## Exercise directions
Where the line containing "De 42 cm ronde" appears below, begin there and reproduce each line exactly through the last one, omitting pictures.

(Dataset excerpts)
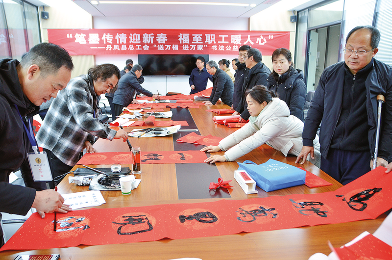 ?2月4日,丹鳳縣總工會在縣工業(yè)園區(qū)開展“筆墨傳情迎新春 福至職工暖人心”書法公益活動。活動現(xiàn)場,縣書法家協(xié)會會員和書法愛好者揮毫潑墨為企業(yè)職工義寫春聯(lián)、福字等,為一線職工送上了新春祝福,營造了濃厚的春節(jié)氛圍。(本報通訊員 楊 威 攝)
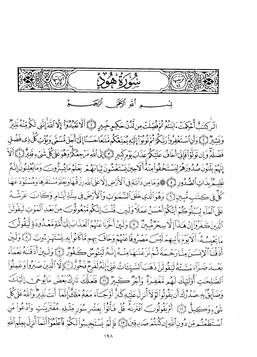 بسم الله الرحمن الرحيم 2 ( ) الر كِتَابٌ أُحْكِمَتْ ءايَاتُهُ ثُمَّ فُصِّلَتْ مِن لَّدُنْ حَكِيمٍ خَبِيرٍ أَلاَّ تَعْبُدُواْ إِلاَّ اللَّهَ إِنَّنِى لَكُمْ مِّنْهُ نَذِيرٌ وَبَشِيرٌ وَأَنِ اسْتَغْفِرُواْ رَبَّكُمْ ثُمَّ تُوبُواْ إِلَيْهِ يُمَتِّعْكُمْ مَّتَاعًا حَسَنًا إِلَى أَجَلٍ مُّسَمًّى وَيُؤْتِ كُلَّ ذِي فَضْلٍ فَضْلَهُ وَإِن تَوَلَّوْاْ فَإِنِّيأَخَافُ عَلَيْكُمْ عَذَابَ يَوْمٍ كَبِيرٍ إِلَى اللَّهِ مَرْجِعُكُمْ وَهُوَ عَلَى كُلِّ شَىْءٍ قَدِيرٌ أَلا إِنَّهُمْ يَثْنُونَ صُدُورَهُمْ لِيَسْتَخْفُواْ مِنْهُ أَلا حِينَ يَسْتَغْشُونَ ثِيَابَهُمْ يَعْلَمُ مَا يُسِرُّونَ وَمَا يُعْلِنُونَ إِنَّهُ عَلِيمٌ بِذَاتِ الصُّدُورِ وَمَا مِن دَآبَّةٍ فِي الاٌّ رْضِ إِلاَّ عَلَى اللَّهِ رِزْقُهَا وَيَعْلَمُ مُسْتَقَرَّهَا وَمُسْتَوْدَعَهَا كُلٌّ فِى كِتَابٍ مُّبِينٍ وَهُوَ الَّذِى خَلَقَ السَّمَاوَاتِ وَالاٌّ رْضَ فِى سِتَّةِ أَيَّامٍ وَكَانَ عَرْشُهُ عَلَى الْمَآءِ لِيَبْلُوَكُمْ أَيُّكُمْ أَحْسَنُ عَمَلاً وَلَئِن قُلْتَ إِنَّكُمْ مَّبْعُوثُونَ مِن بَعْدِ الْمَوْتِ لَيَقُولَنَّ الَّذِينَ كَفَرُواْ إِنْ هَاذَآ إِلاَّ سِحْرٌ مُّبِينٌ وَلَئِنْ أَخَّرْنَا عَنْهُمُ الْعَذَابَ إِلَى أُمَّةٍ مَّعْدُودَةٍ لَّيَقُولُنَّ مَا يَحْبِسُهُ أَلاَ يَوْمَ يَأْتِيهِمْ لَيْسَ مَصْرُوفاً عَنْهُمْ وَحَاقَ بِهِم مَّا كَانُواْ بِهِ يَسْتَهْزِءُونَ وَلَئِنْ أَذَقْنَا الإِنْسَانَ مِنَّا رَحْمَةً ثُمَّ نَزَعْنَاهَا مِنْهُ إِنَّهُ لَيَئُوسٌ كَفُورٌ وَلَئِنْ أَذَقْنَاهُ نَعْمَآءَ بَعْدَ ضَرَّآءَ مَسَّتْهُ لَيَقُولَنَّ ذَهَبَ السَّيِّئَاتُ عَنِّيإِنَّهُ لَفَرِحٌ فَخُورٌ إِلاَّ الَّذِينَ صَبَرُواْ وَعَمِلُواْ الصَّالِحَاتِ أُوْلَائِكَ لَهُمْ مَّغْفِرَةٌ وَأَجْرٌ كَبِيرٌ فَلَعَلَّكَ تَارِكٌ بَعْضَ مَا يُوحَى إِلَيْكَ وَضَآئِقٌ بِهِ صَدْرُكَ أَن يَقُولُواْ لَوْلاَ أُنُزِلَ عَلَيْهِ كَنزٌ أَوْ جَآءَ مَعَهُ مَلَكٌ إِنَّمَآ أَنتَ نَذِيرٌ وَاللَّهُ عَلَى كُلِّ شَىْءٍ وَكِيلٌ أَمْ يَقُولُونَ افْتَرَاهُ قُلْ فَأْتُواْ بِعَشْرِ سُوَرٍ مِّثْلِهِ مُفْتَرَيَاتٍ وَادْعُواْ مَنِ اسْتَطَعْتُمْ مِّن دُونِ اللَّهِ إِن كُنتُمْ صَادِقِينَ فَإِلَّمْ يَسْتَجِيبُواْ لَكُمْ فَاعْلَمُواْ أَنَّمَآ أُنزِلِ بِعِلْمِ اللَّه
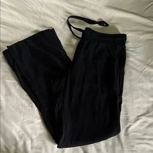 Caslon Linen Blend Black Straight Wide Leg Women's Pants Size XS
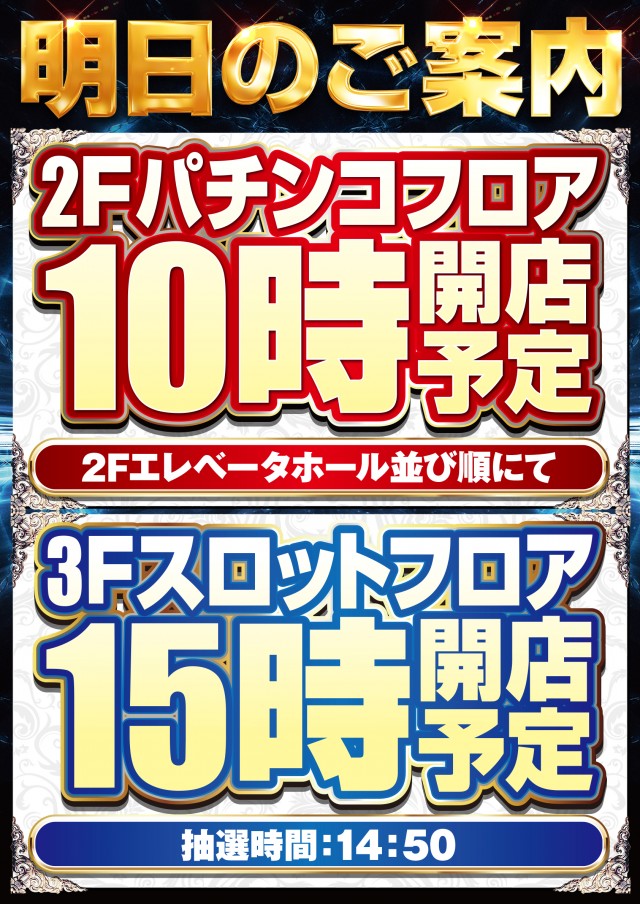 パチンコ・・・並び順 スロット・・・ 9:50までに並ばれたお客様を対象に抽選 |
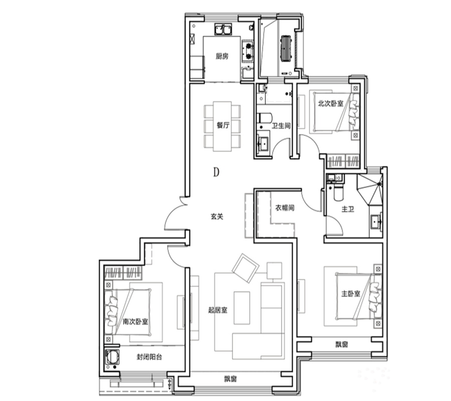 3室2厅2卫-D户型 165㎡ 3室2厅2卫
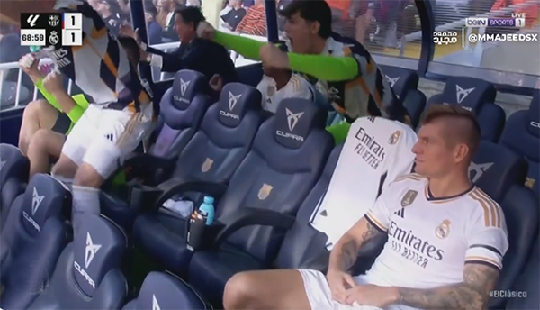 作为皇马五次欧冠的捧杯功臣,如今克罗斯已经不再是银河战舰的常规主力。他本赛季的12次出场中,有6次是替补上阵。在皇马2-1击败巴萨的西班牙国家德比,他进入了先发阵容,但被换下后球队才实现逆转,当贝林厄姆进球时,替补席上的克罗斯似乎无动于衷,只是反应迟钝地鼓了几下掌,显然并不快乐。
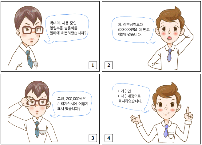 다음 김과장과 박대리의 대화 중 (가)와 (나)에 해당하는 적절한 용어와 계정과목으로 옳은 것은?(순서대로 가, 나)
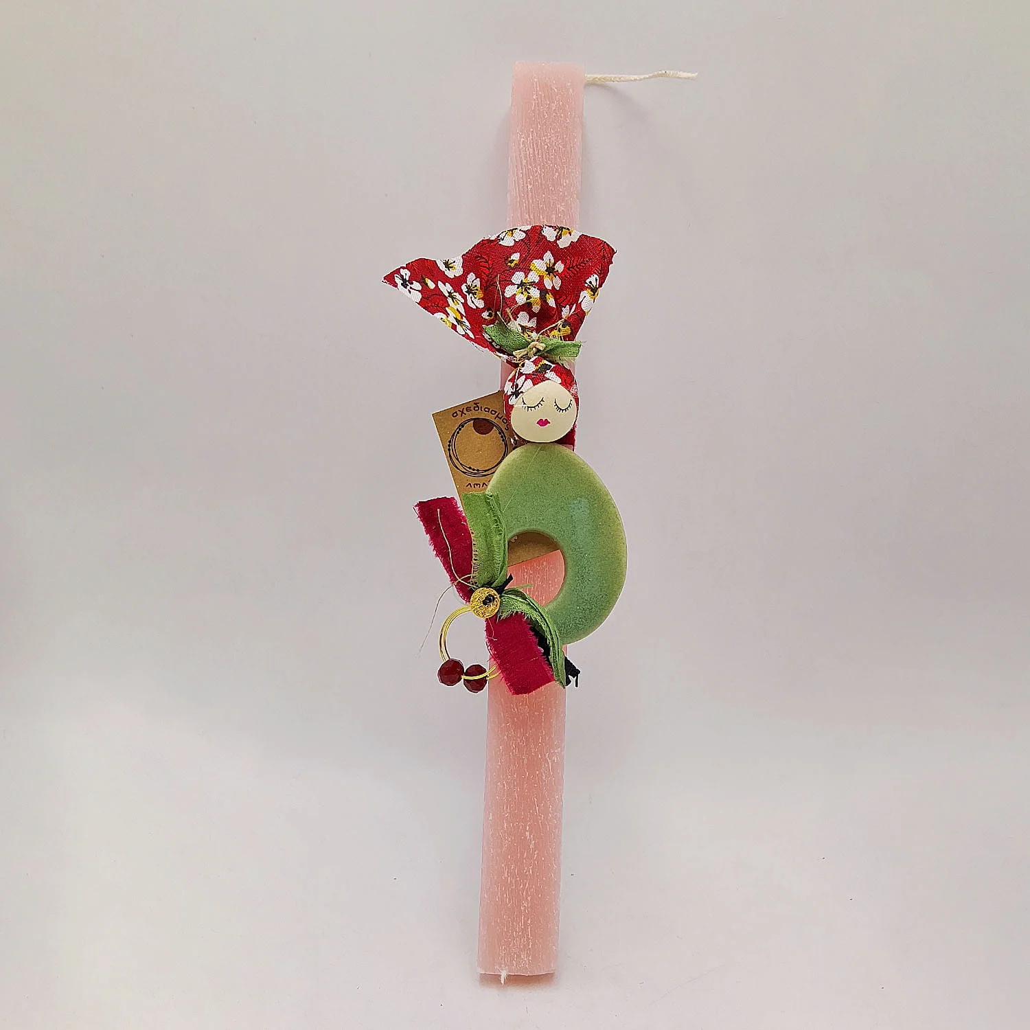 Ροζ τετράγωνη αρωματική λαμπάδα 25 εκ. από παραφίνη στολισμένη με χειροποίητο κεραμικό στοιχείο και σκουλαρίκια κρίκους.
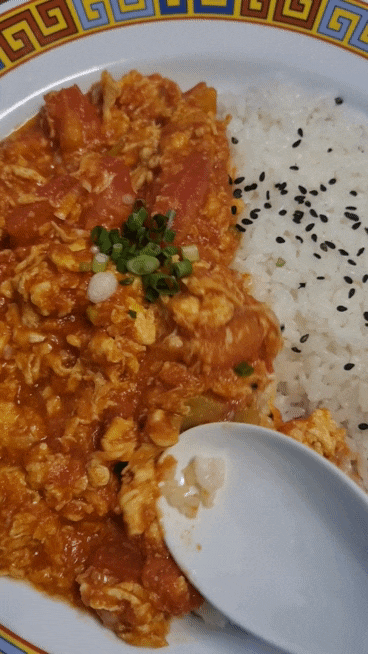 나는 토마토 계란덮밥을 주문했다.
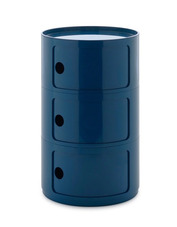 De 42 cm ronde versie van Anna Castelli Ferrieri’s I Componibili is nu verkrijgbaar in een geheel nieuwe look dankzij een nieuwe industriële print die zowel de kwaliteit als het uiterlijk verbetert. Er zijn ook meer kleuren om uit te kiezen, met de toevoeging van nuances die al beschikbaar waren voor de 32 cm maat, aangevuld met originele nieuwe tinten die hedendaagse smaak combineren met elegante verwijzingen naar het verleden. Verkrijgbaar in configuraties van 2 of 3 ondeelbare elementen, is deze versie van I Componibili de nieuwste technische evolutie van een klassieker uit de Kartell-catalogus. Verkrijgbaar in Bordeaux, Duifgrijs, Oranje, Petroleum, Groen en Wit.
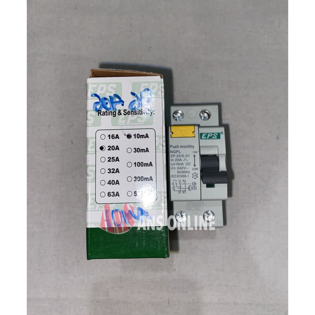 EPS 20A 2POLE 10MA ELCB / RCCB ( 0.01MA ) RESIDUAL CURRENT CIRCUIT BREAKER

## Result of this exercise
 De 42 cm ronde versie van Anna Castelli Ferrieri’s I Componibili is nu verkrijgbaar in een geheel nieuwe look dankzij een nieuwe industriële print die zowel de kwaliteit als het uiterlijk verbetert. Er zijn ook meer kleuren om uit te kiezen, met de toevoeging van nuances die al beschikbaar waren voor de 32 cm maat, aangevuld met originele nieuwe tinten die hedendaagse smaak combineren met elegante verwijzingen naar het verleden. Verkrijgbaar in configuraties van 2 of 3 ondeelbare elementen, is deze versie van I Componibili de nieuwste technische evolutie van een klassieker uit de Kartell-catalogus. Verkrijgbaar in Bordeaux, Duifgrijs, Oranje, Petroleum, Groen en Wit.
 EPS 20A 2POLE 10MA ELCB / RCCB ( 0.01MA ) RESIDUAL CURRENT CIRCUIT BREAKER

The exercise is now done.